§ Your instructions: Images do not belong in the copy. Set down all the entries exactly.

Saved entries

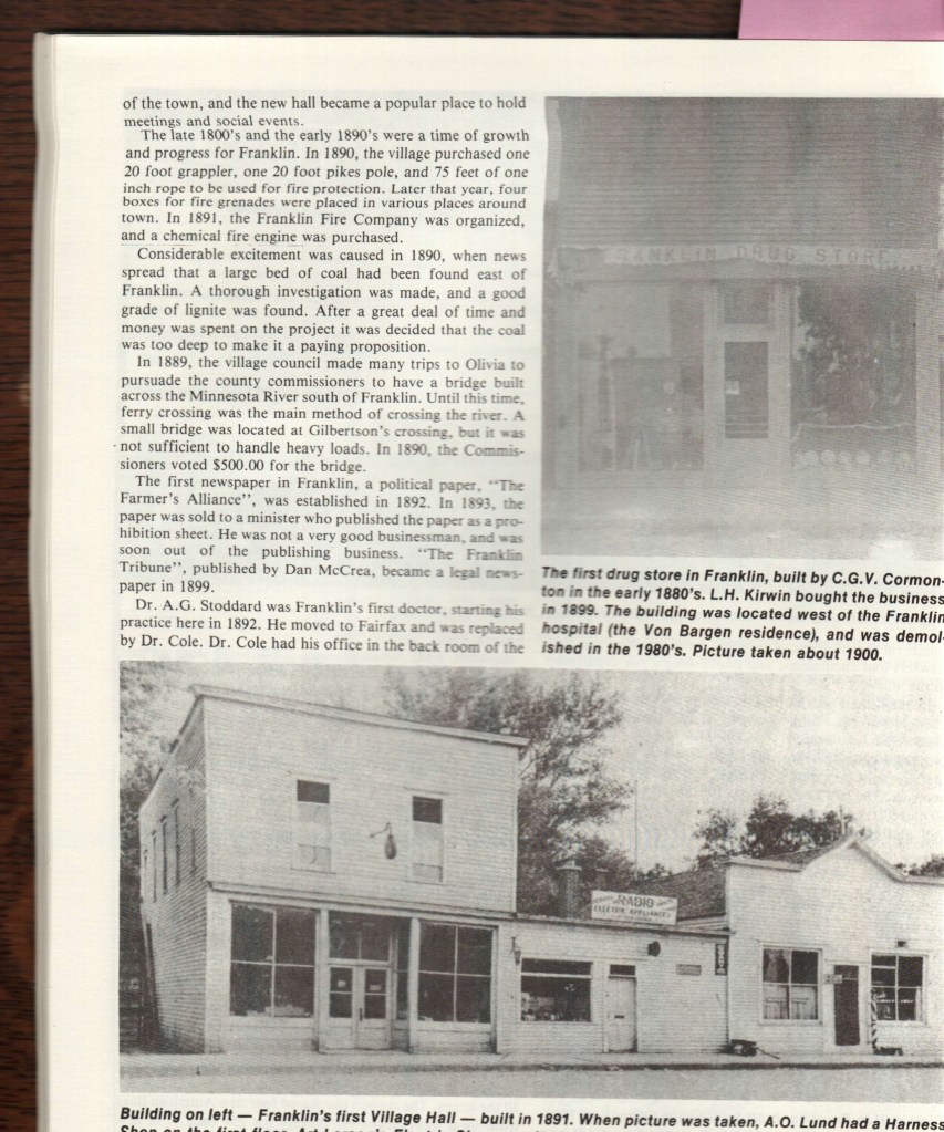 Pastor Cormontan, Theodora, and Eivinda all moved to Franklin, MN in 1888, where C.G V. owned and operated the Franklin Drug Store. C.G.V. also served several years as a town councilman. Newspaper clippings from the St. Paul Daily Globe in October, 1889 report that Eivinda and Theodora Cormontan were in St. Paul attending court. Theodora brought suit against the Chicago, Milwaukee and St. Paul Railway Company for damages from injuries received in Granite Falls, MN in December of 1887. The train lurched forward as Theodora was boarding to return to Sacred Heart, causing her to fall and resulting in a spinal injury that left her physically disabled. The jury found in favor of the plaintiff and awarded her $5,000 damages.
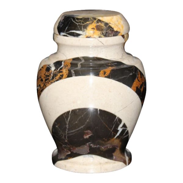 The Carpel Cameo King Gold genuine stone keepsake cremation urn is crafted in the shape of a classic style vase. It has a top-opening lid that can be sealed closed using the included epoxy sealant.
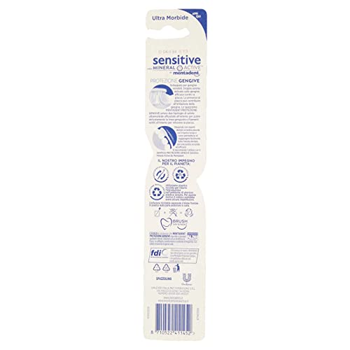 6x Sensitive Mineral Active Mentadent Spazzolino Protezione Gengive con Setole Ultra Morbide per Gengive Delicate - 6 Spazzolini
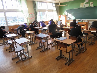 この空席は、私立高校・専修学校の推薦入試に臨んでいる子たちの席になります。少し寂しい教室で授業をしている仲間も、教室にいない仲間の頑張りを応援しつつ1日を過ごしています。感染症拡大が心配な状況下での入学試験ですが、今のところ体調を崩して欠席する子はいないようで、まずは一安心。
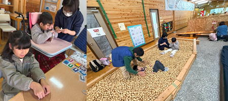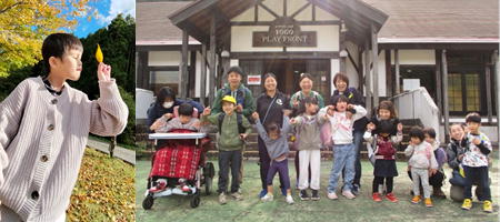 当日はバーべキューコンロを置き、炭火で焼きました。理療科生や、通学生も参加し、みんなでおいしくできた焼きいもをいただきました。手触りだけで何が入っているかを当てる『箱の中身は?ゲーム』も行い、手触りで箱の中身を想像し、松ぼっくりやドライヤーなどを当てて楽しみました。初めて寄宿舎に来てくれた幼稚部生は、理療科生としゃべったり、歌に合わせて踊ったり、いつもと違う雰囲気のなか、おいしく、楽しく過ごしました。
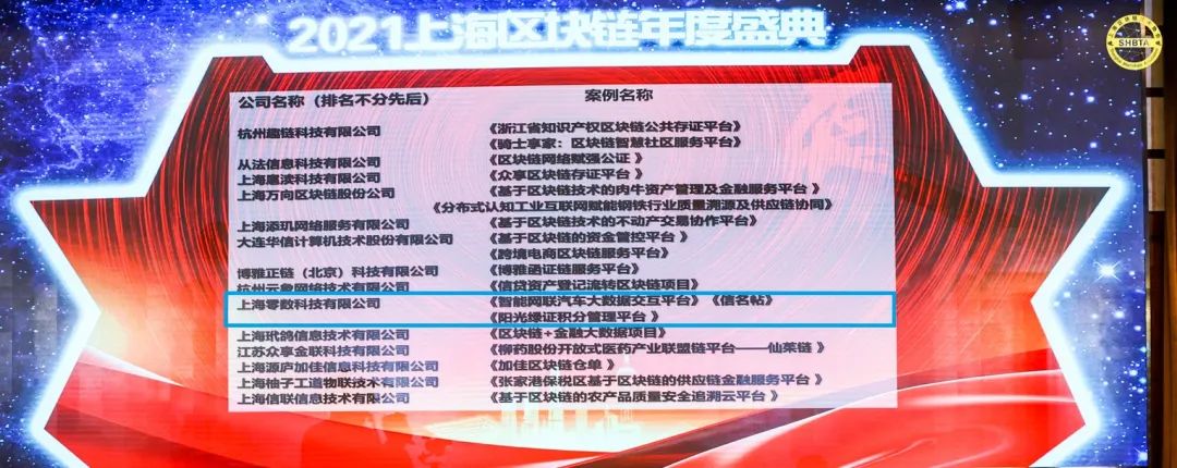 ①携手中国汽车工业协会打造的“智能网联汽车大数据交互平台”,入围“金融+区块链场景”; ②携手阳光电源打造的“阳光绿证积分管理平台”,入围“碳交易、碳中和+区块链场景”。③携手公安三所及中智关爱通打造的 “信名帖”,入围“数据安全与数据共享+区块链场景”——也是业内对于零数科技在区块链创新技术研究在应用方面成果的的极大肯定。
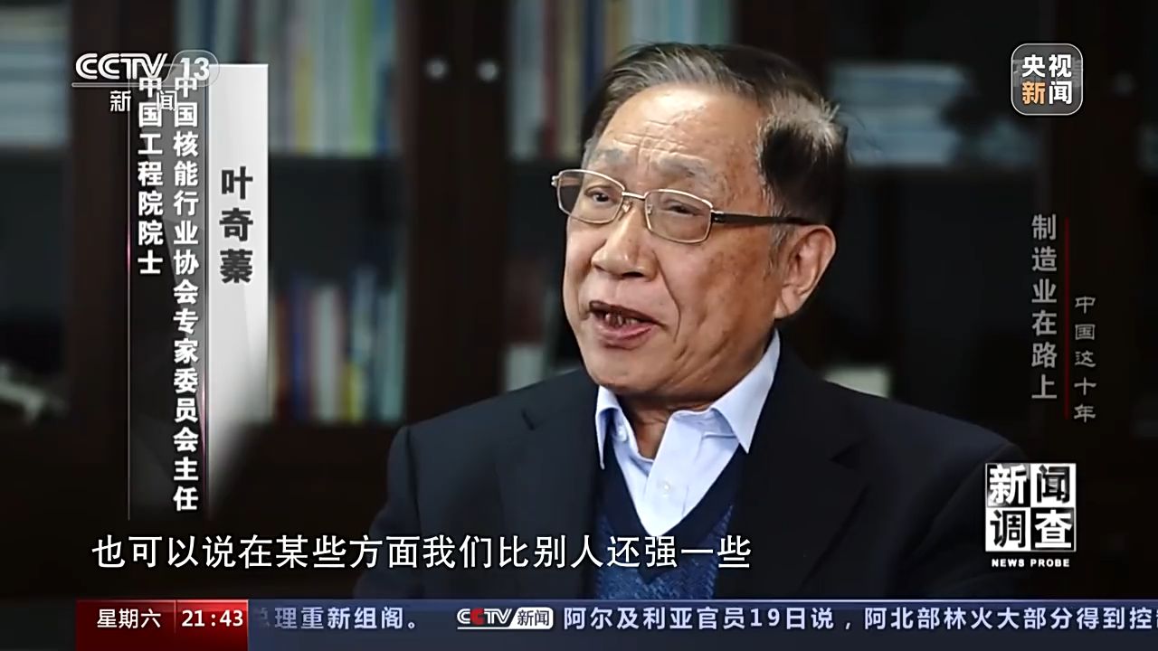 中國工程院院士 中國核能行業(yè)協(xié)會(huì)專家委員會(huì)主任 葉奇蓁:從總的技術(shù)水平可以這樣說,我們已經(jīng)從跟跑進(jìn)入了并跑,也可以說在某些方面我們比別人還強(qiáng)一些。
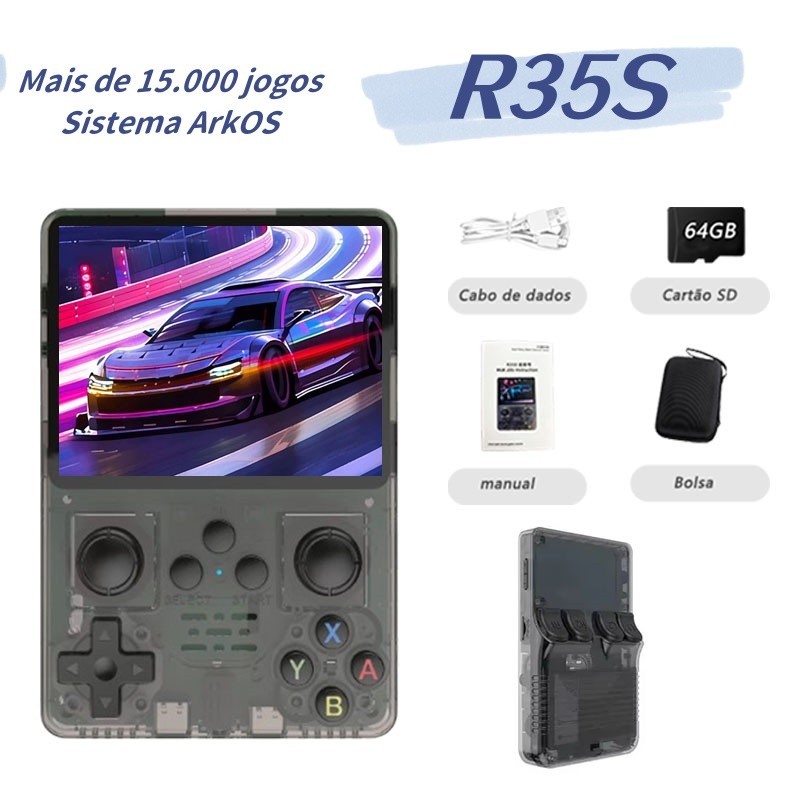 R35S de 15.000 Jogos 64GB, Vídeo Game Console Portátil, R36S Tela IPS 3.5 Polegadas - Envio Imediato
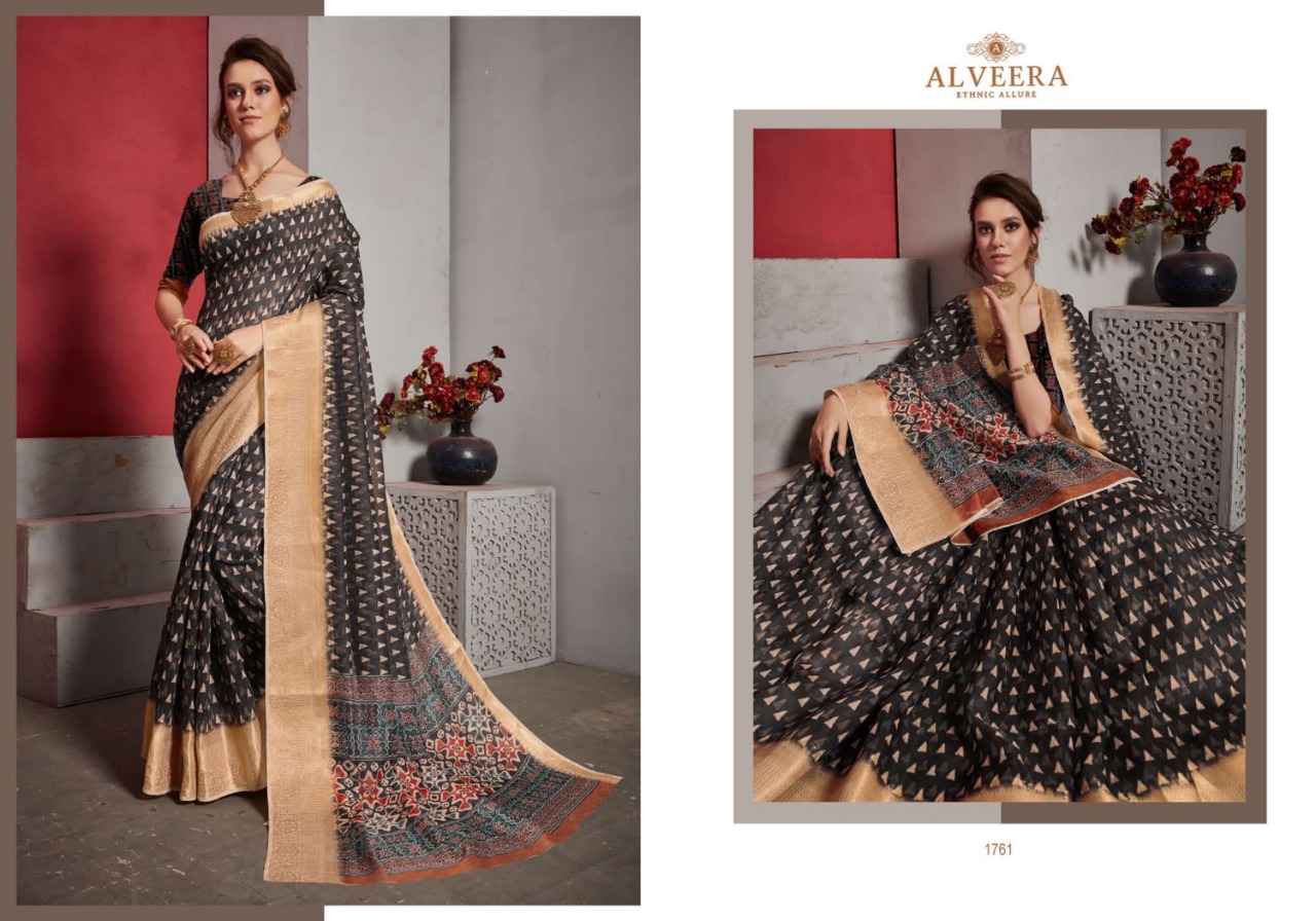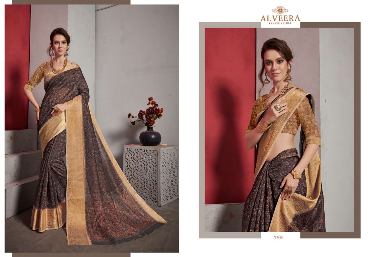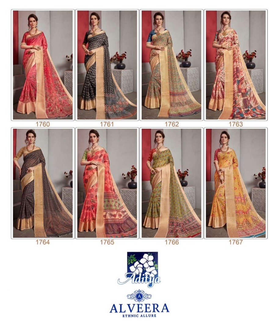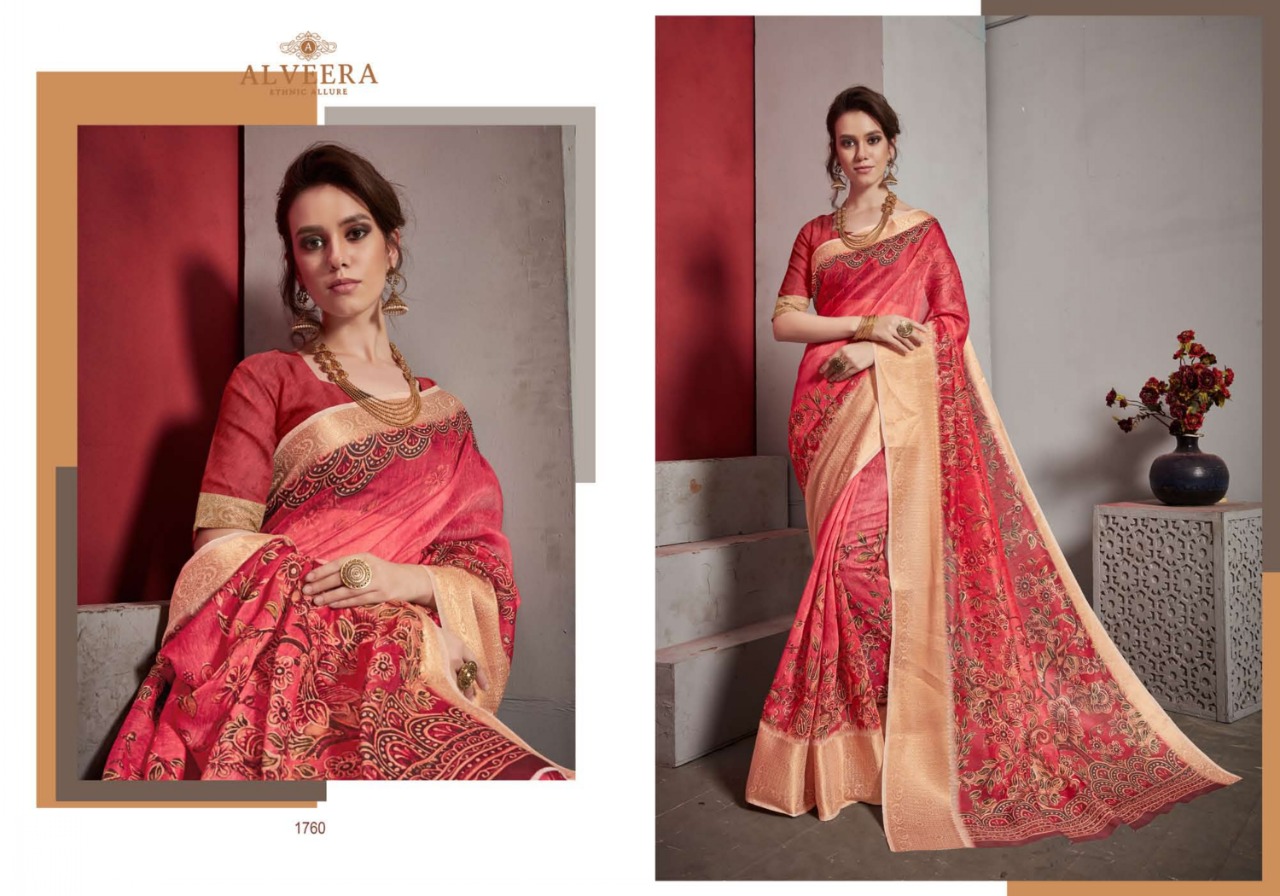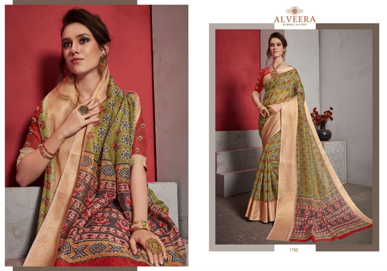 Brand - Alveera . Catlog Name - AASHI . Rate -1050 per pcs Fabric: jacquard weaving lilen saree with digital print Set to set. GST 5 Percent Extra. Delivery 2 days |

§ Reply to the task:
 Pastor Cormontan, Theodora, and Eivinda all moved to Franklin, MN in 1888, where C.G V. owned and operated the Franklin Drug Store. C.G.V. also served several years as a town councilman. Newspaper clippings from the St. Paul Daily Globe in October, 1889 report that Eivinda and Theodora Cormontan were in St. Paul attending court. Theodora brought suit against the Chicago, Milwaukee and St. Paul Railway Company for damages from injuries received in Granite Falls, MN in December of 1887. The train lurched forward as Theodora was boarding to return to Sacred Heart, causing her to fall and resulting in a spinal injury that left her physically disabled. The jury found in favor of the plaintiff and awarded her $5,000 damages.
 The Carpel Cameo King Gold genuine stone keepsake cremation urn is crafted in the shape of a classic style vase. It has a top-opening lid that can be sealed closed using the included epoxy sealant.
 6x Sensitive Mineral Active Mentadent Spazzolino Protezione Gengive con Setole Ultra Morbide per Gengive Delicate - 6 Spazzolini
 この空席は、私立高校・専修学校の推薦入試に臨んでいる子たちの席になります。少し寂しい教室で授業をしている仲間も、教室にいない仲間の頑張りを応援しつつ1日を過ごしています。感染症拡大が心配な状況下での入学試験ですが、今のところ体調を崩して欠席する子はいないようで、まずは一安心。
 当日はバーべキューコンロを置き、炭火で焼きました。理療科生や、通学生も参加し、みんなでおいしくできた焼きいもをいただきました。手触りだけで何が入っているかを当てる『箱の中身は?ゲーム』も行い、手触りで箱の中身を想像し、松ぼっくりやドライヤーなどを当てて楽しみました。初めて寄宿舎に来てくれた幼稚部生は、理療科生としゃべったり、歌に合わせて踊ったり、いつもと違う雰囲気のなか、おいしく、楽しく過ごしました。
 ①携手中国汽车工业协会打造的“智能网联汽车大数据交互平台”,入围“金融+区块链场景”; ②携手阳光电源打造的“阳光绿证积分管理平台”,入围“碳交易、碳中和+区块链场景”。③携手公安三所及中智关爱通打造的 “信名帖”,入围“数据安全与数据共享+区块链场景”——也是业内对于零数科技在区块链创新技术研究在应用方面成果的的极大肯定。
 中國工程院院士 中國核能行業(yè)協(xié)會(huì)專家委員會(huì)主任 葉奇蓁:從總的技術(shù)水平可以這樣說,我們已經(jīng)從跟跑進(jìn)入了并跑,也可以說在某些方面我們比別人還強(qiáng)一些。
 R35S de 15.000 Jogos 64GB, Vídeo Game Console Portátil, R36S Tela IPS 3.5 Polegadas - Envio Imediato
 Brand - Alveera . Catlog Name - AASHI . Rate -1050 per pcs Fabric: jacquard weaving lilen saree with digital print Set to set. GST 5 Percent Extra. Delivery 2 days |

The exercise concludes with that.